Some women worry about getting a flu shot during pregnancy. However, pregnant women do not need to worry because the flu vaccine made from the inactivated virus is very safe for pregnant women.

Pertussis vaccination – diphtheria – tetanus (synthetic nose)

This injection should be given around 27-36 weeks of pregnancy, as soon as possible to prevent newborn babies from pertussis, tetanus and diphtheria.

A lot of cases of babies with pertussis have died. The disease is difficult to detect because many children with pertussis do not have symptoms of cough but they can stop breathing, cyanosis. Therefore, mothers elected to vaccinate pertussis during pregnancy will help newborns have antibodies against the disease while waiting until the baby is 2 months to be vaccinated.

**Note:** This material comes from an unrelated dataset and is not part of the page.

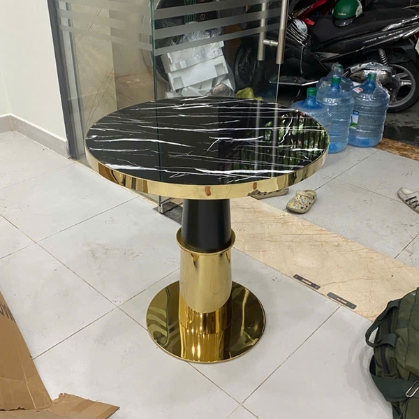 - Chất Liệu: Mặt bàn là đá ceramic - một vật liệu vững chắc, chống trầy xước và dễ dàng vệ sinh. Khung phần vàng được làm từ inox mạ vàng, mang lại độ bền và tính thẩm mỹ cao, trong khi phần trụ trên là sắt sơn tĩnh điện, giúp sản phẩm có độ ổn định và chắc chắn.

3. Immunizations for pregnant women when indicated

These shots are usually given when the mother is elected to an infected area (traveling, working) or at a high risk of illness.

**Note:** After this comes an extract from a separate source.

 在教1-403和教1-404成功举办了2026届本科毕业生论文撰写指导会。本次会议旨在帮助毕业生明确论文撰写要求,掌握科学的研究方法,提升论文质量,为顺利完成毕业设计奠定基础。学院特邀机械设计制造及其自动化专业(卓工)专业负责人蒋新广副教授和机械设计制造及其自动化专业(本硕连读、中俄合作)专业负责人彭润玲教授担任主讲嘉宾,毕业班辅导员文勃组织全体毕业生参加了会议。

  • Hepatitis A: This vaccine does not affect the fetus and is recommended for women at risk of infection.
  • Hepatitis B: Pregnant women with hepatitis B can have a serious liver infection. Many women who do not have antibodies to the hepatitis B virus but are living with someone with hepatitis B or who have never been vaccinated should get hepatitis B vaccine.
  • Pneumococcal: Pregnant women at high risk of getting pneumococcal bacteria that cause pneumonia, otitis media, and meningitis need to be vaccinated against pneumococcal. The injection schedule can be done from the 2nd trimester onwards, and if possible this shot should be done before you intend to become pregnant.
  • Yellow sauce: Viral diseases transmitted by mosquitoes are particularly dangerous for pregnant women. If you are pregnant and must travel to an infected area, you should consult a specialist before getting vaccinated

Before getting vaccinated, pregnant women need to see and consult with obstetricians as well as vaccine experts. Vaccines for pregnant women must ensure safety before being granted a vaccination certificate. However, a small number of women with atopic allergies must carefully monitor the health status after injection. The phenomenon of mild fever, pain at the injection site is completely normal.